Microphallus basodactylophallus

Scientific classification
- Domain: Eukaryota
- Kingdom: Animalia
- Phylum: Platyhelminthes
- Class: Trematoda
- Order: Plagiorchiida
- Family: Microphallidae
- Genus: Microphallus
- Species: M. basodactylophallus
- Binomial name: Microphallus basodactylophallus (Bridgman, 1969)

= Microphallus basodactylophallus =

- Authority: (Bridgman, 1969)

Species of fluke

Microphallus basodactylophallus is a species of digenean parasite in the family Microphallidae. It was first described in 1969, as Carneophallus basodactylophallus, from southern Louisiana, where the raccoon (Procyon lotor) is the definitive host, the first intermediate host is the snail Lyrodes parvula, and the second intermediate host is the crab Callinectes sapidus. It was later moved to the genus Microphallus. In 1988, John Kinsella recorded it from the marsh rice rat (Oryzomys palustris) in a saltmarsh at Cedar Key, Florida.

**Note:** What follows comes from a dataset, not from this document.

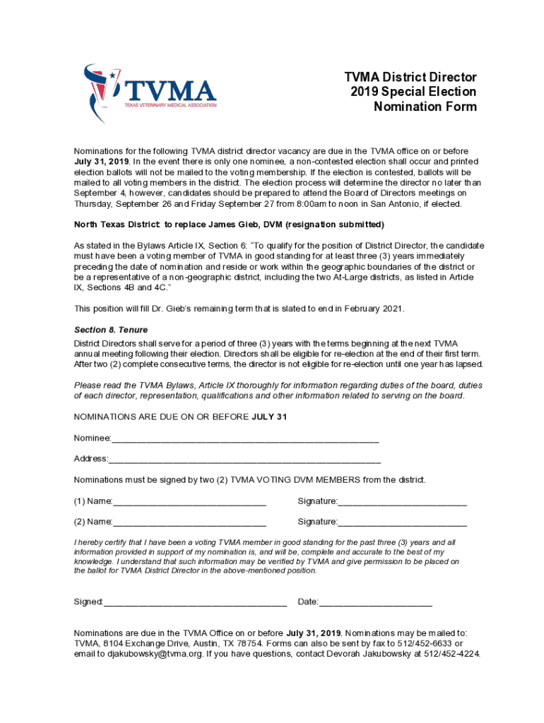 VMA District Director 2019 Special Election Nomination FormNominations for the following VMA district director vacancy are due in the VMA office on or before July 31, 2019. In the event there is only

There, it was one of the most prevalent parasites in the marsh rice rat and used C. sapidus as an intermediate host.

==Literature cited==
- Bridgman, John F. (1969). "Life cycles of Carneophallus choanophallus n. sp. and C. basodactylophallus n. sp. (Trematoda: Microphallidae)"
- Kinsella, J.M. 1988. Comparison of helminths of rice rats, Oryzomys palustris, from freshwater and saltwater marshes in Florida. Proceedings of the Helminthological Society of Washington 55(2):275–280.